Background information
- Origin: Liverpool, England
- Genres: Power pop, new wave, rock
- Years active: 1977–1981
- Labels: Stiff Records Radar Polydor Demon
- Member of: It's Immaterial The Christians
- Past members: Bob Bellis J.J. Campbell Martin Dempsey Henry Priestman Martin J. Watson Mick Shiner Glyn Havard Ray "Chopper" Cooper

= Yachts (band) =

British power pop/new wave band

Yachts were a British power pop/new wave band, best remembered for their 1977 single "Suffice to Say" and the minor new wave classic "Love You, Love You".

==Career==
===Formation===
The Yachts was formed by art students in Liverpool in April 1977, evolving out of an earlier R&B band, known variously as Albert Dock or Albert and the Cod Warriors, who had developed a reputation locally for their energetic sets.

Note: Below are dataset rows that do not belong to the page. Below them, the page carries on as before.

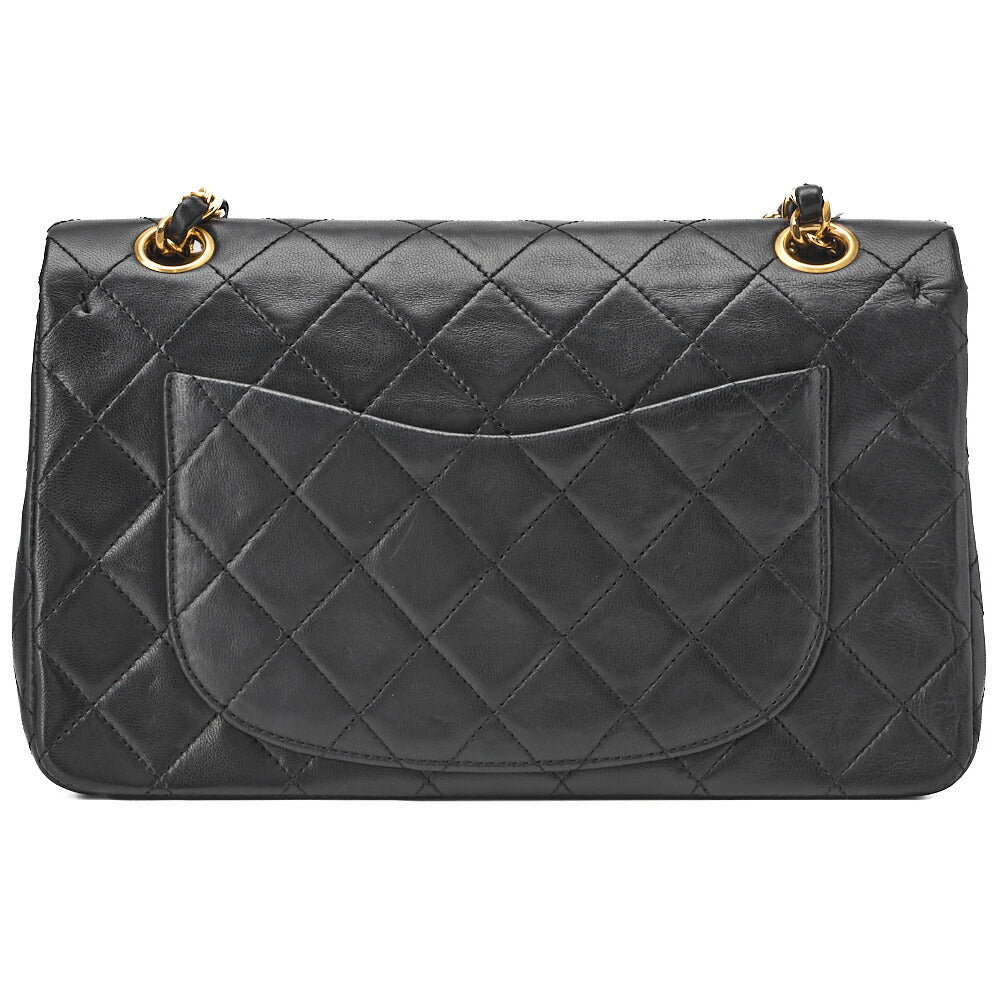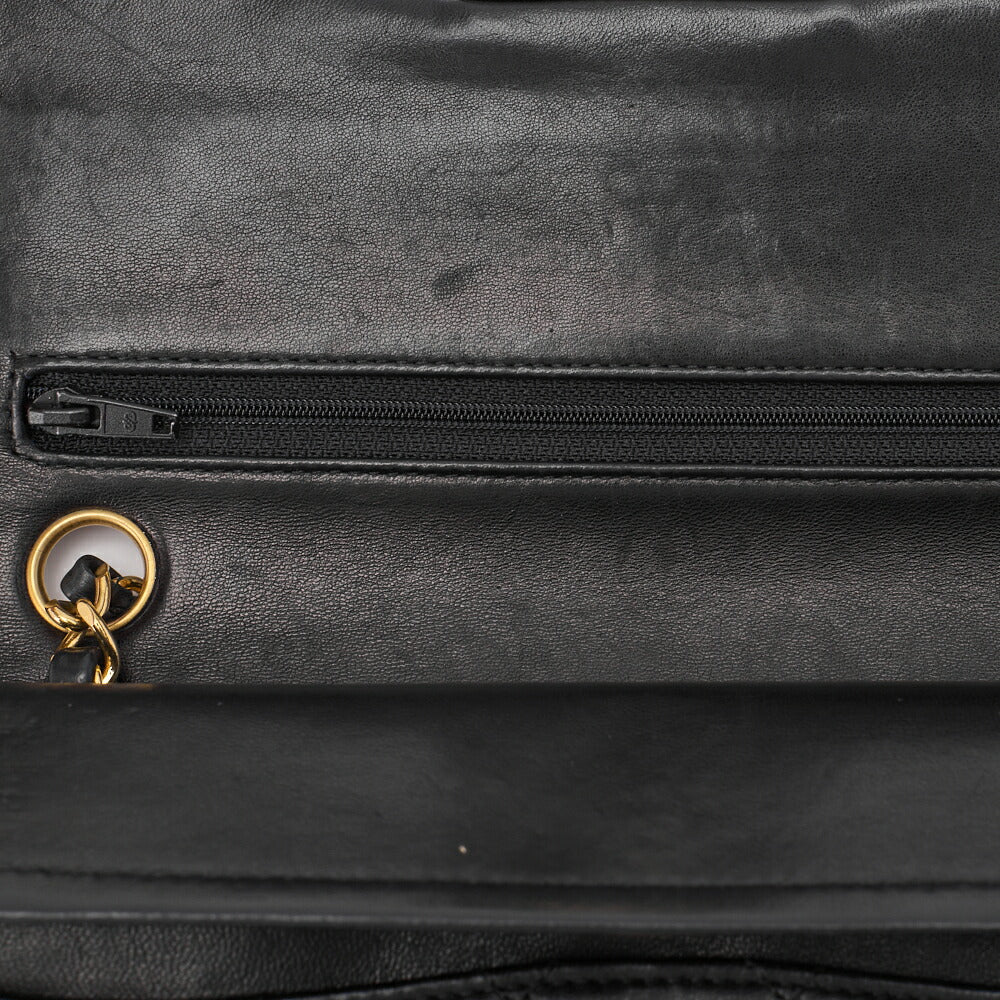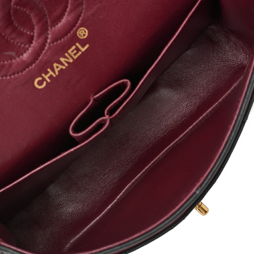 Pre-Owned Schultertasche Matelassé Doppelklappe Lammleder Schwarz Goldfarbene Hardware Pre-Owned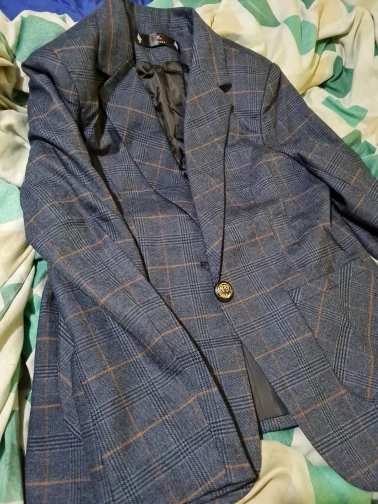 PEONFLY Vintage Casual, chaqueta de las mujeres de moda botón Oficina abrigo chaqueta mujer dentada Collar de manga larga chaqueta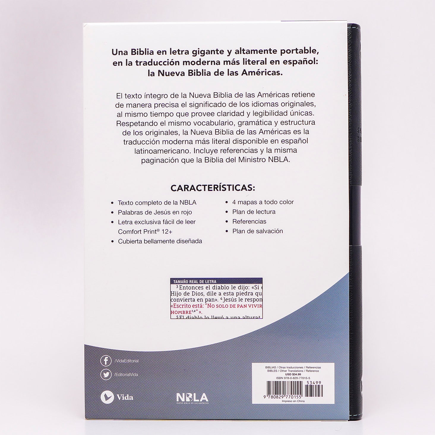 El texto íntegro de la Nueva Biblia de las Américas retiene de manera muy precisa el significado de los idiomas originales, al mismo tiempo que provee claridad y legibilidad únicas. Respetando el mismo vocabulario, la gramática y la estructura de los originales, la Nueva Biblia de las Américas es la traducción moderna más literal disponible en español latinoamericano.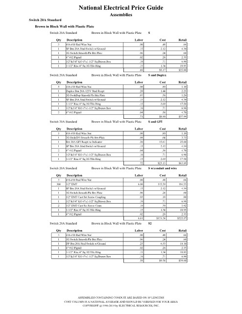 COST COLUMN IS A NATIONAL AVERAGE AND SHOULD BE VERIFIED FOR YOUR AREA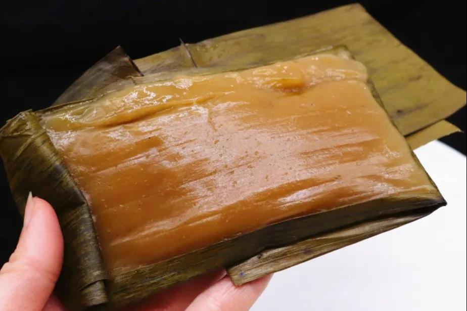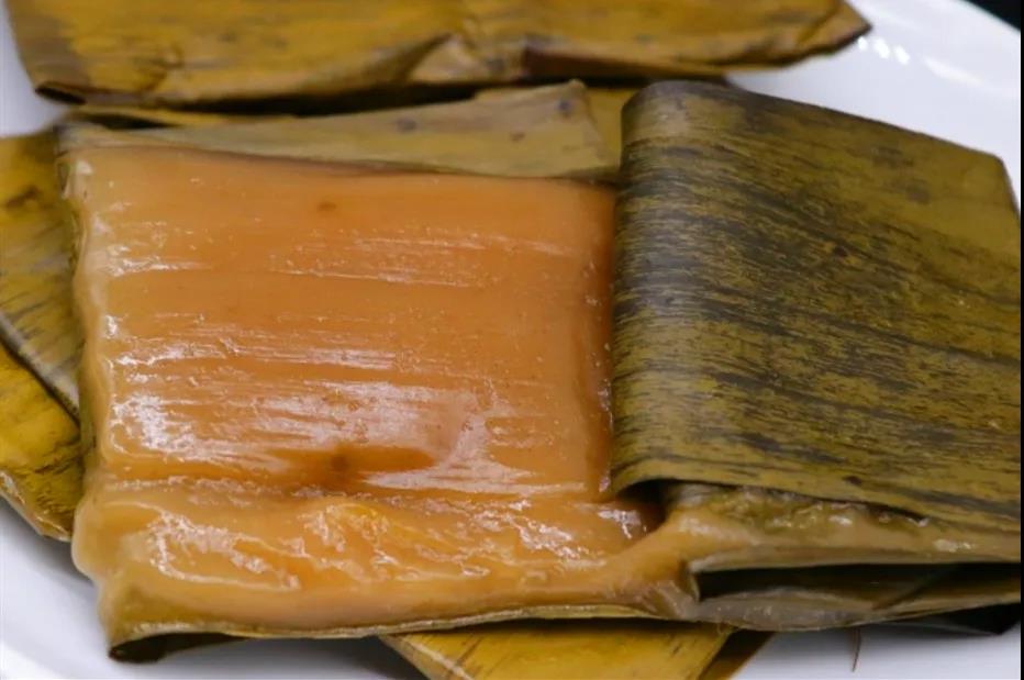 將上好的糯米磨成粉,加入紅糖揉成面團,然后用新鮮的芭蕉葉包裹,蓋上蒸籠蒸熟。潑水粑粑既有糯米的米香,又有芭蕉葉的清香,綿軟而富有彈性,好吃不膩!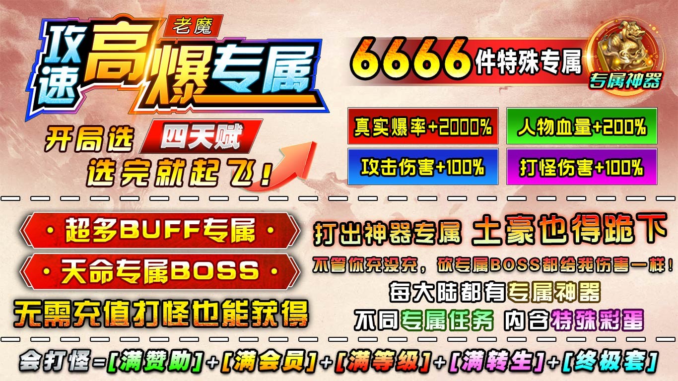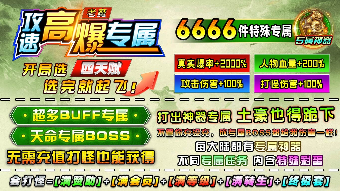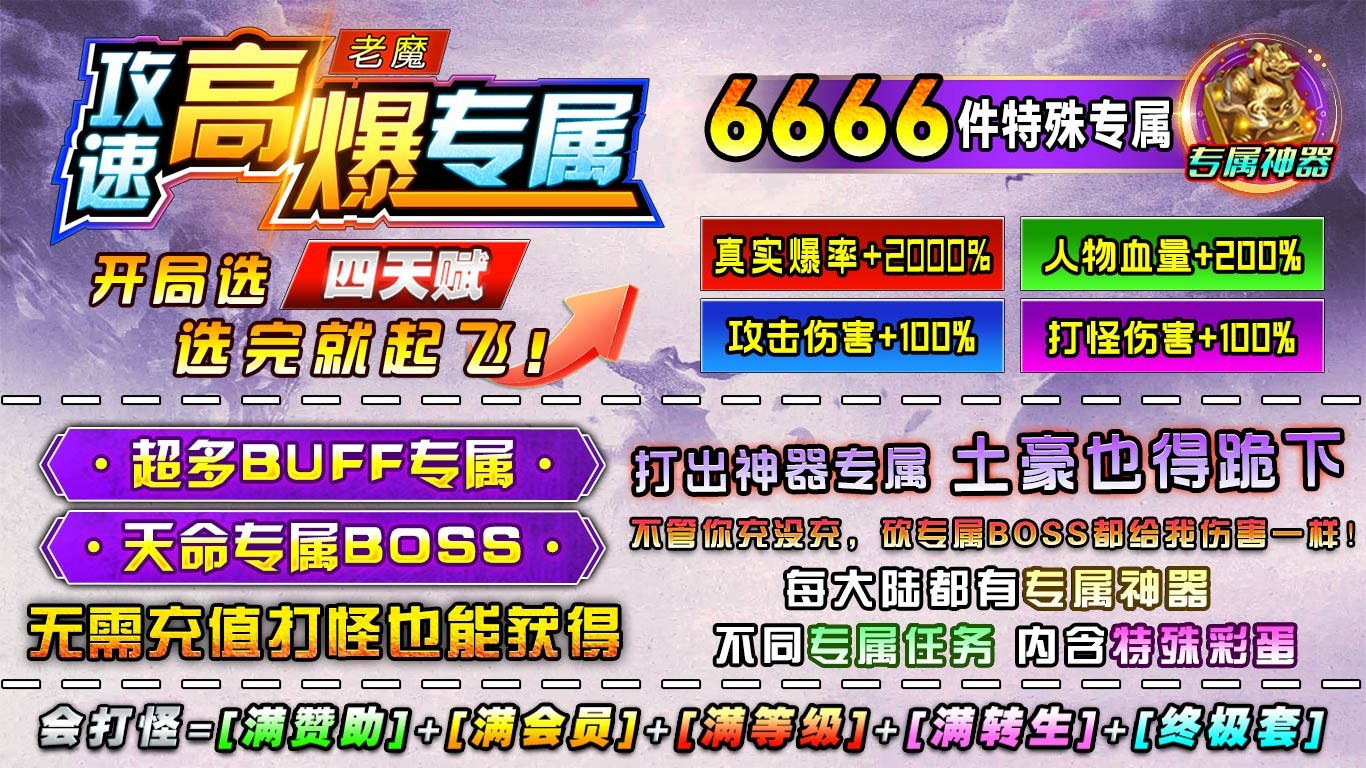 老魔攻速高爆专属是一款1.85神器传奇手游,在老魔攻速高爆专属中,所有道具、装备、材料、货币均可在本服内获得,无任何必须要充值的地方,散人也能享受最顶级的体验。

Albert Dock had supported the Sex Pistols at one of their infamous early performances in 1976. The band originally consisted of: Bob Bellis (drums, vocals); John (J.J.) Campbell (vocals); Martin Dempsey (bass guitar, vocals, later replaced by first Ray "Chopper" Cooper, then Mick Shiner and finally Glyn Havard); Henry Priestman (vocals, keyboards); and Martin Watson (guitar, vocals). They played their first show as the Yachts at Eric's nightclub in Liverpool, supporting Elvis Costello.

===First recordings===
Opening for Costello led to a recording contract with Stiff Records, where they released one single, "Suffice to Say", written by Priestman and Campbell and produced by Will Birch. In a 1977 Trouser Press review, Jim Green described the single as "more spunk than punk, a simple little organ-based pop tune parodying the 'I love you so much I wrote you this song' school of mystical bull*$%-." They also released a novelty single, "Do the Chud", as the Chuddy Nuddies. Soon after the release of the two singles, in 1978, Campbell left the band. Yachts also parted company with Stiff Records.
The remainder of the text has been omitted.